> [TASK DESCRIPTION]:
Can you print the data exactly and leave out each image?

> [THE DATA]:
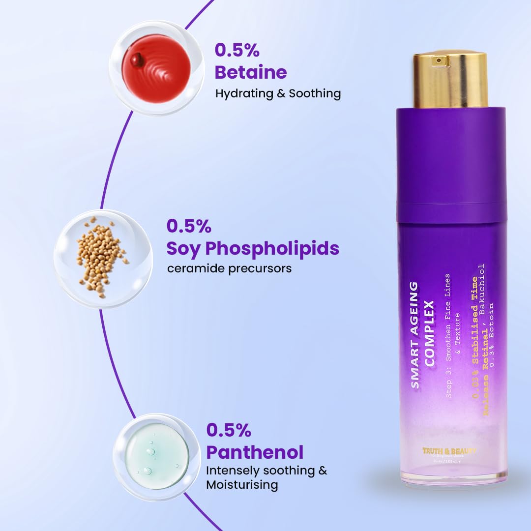 - TRUTH & BEAUTY MULTI-TARGETED SKINCARE SET: This trio delivers comprehensive care, hydrating and soothing the skin while it may help create a more even, soft, and supple skin. The C Radiance Serum supports a clearer looking skin with potent vitamin C, while the smart ageing complex enhances elasticity, smooths, and supports a radiant complexion.
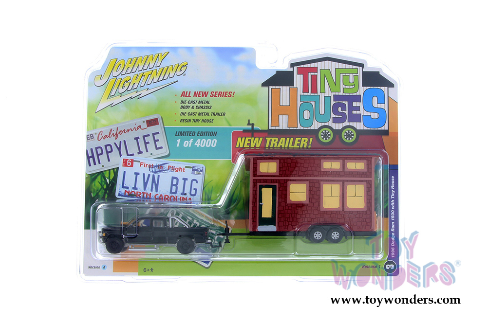 JLTH001/24A Round 2 Johnny Lightning - Tiny Houses Release 1 set A. 1:64 scale diecast collectible model. The cars are 3.5" long diecast metal cars. The tiny houses are 4.5" L made of resin and hand painted. Opening hoods. Each set individually blister carded. Card size: 10" x 7.5". Manufactured by Round 2. JLTH001/24A is in assorted colors. Limited edition to 4000 pcs.
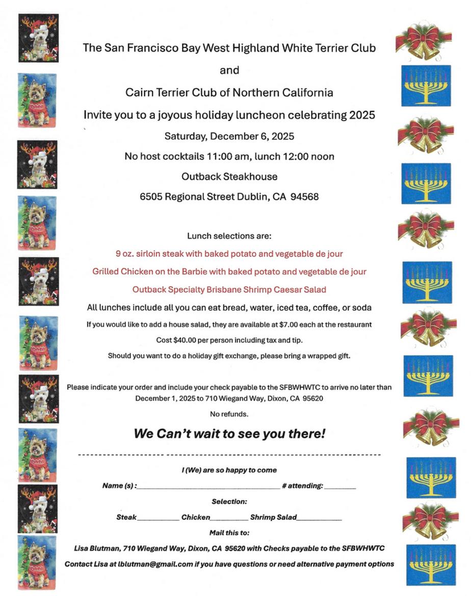 The Cairn folks and the Westie folks are getting together for a Holiday Luncheon. Everyone please come join and get the holiday season off to a great start!

> [YOUR RESPONSE]:
 - TRUTH & BEAUTY MULTI-TARGETED SKINCARE SET: This trio delivers comprehensive care, hydrating and soothing the skin while it may help create a more even, soft, and supple skin. The C Radiance Serum supports a clearer looking skin with potent vitamin C, while the smart ageing complex enhances elasticity, smooths, and supports a radiant complexion.
 JLTH001/24A Round 2 Johnny Lightning - Tiny Houses Release 1 set A. 1:64 scale diecast collectible model. The cars are 3.5" long diecast metal cars. The tiny houses are 4.5" L made of resin and hand painted. Opening hoods. Each set individually blister carded. Card size: 10" x 7.5". Manufactured by Round 2. JLTH001/24A is in assorted colors. Limited edition to 4000 pcs.
 The Cairn folks and the Westie folks are getting together for a Holiday Luncheon. Everyone please come join and get the holiday season off to a great start!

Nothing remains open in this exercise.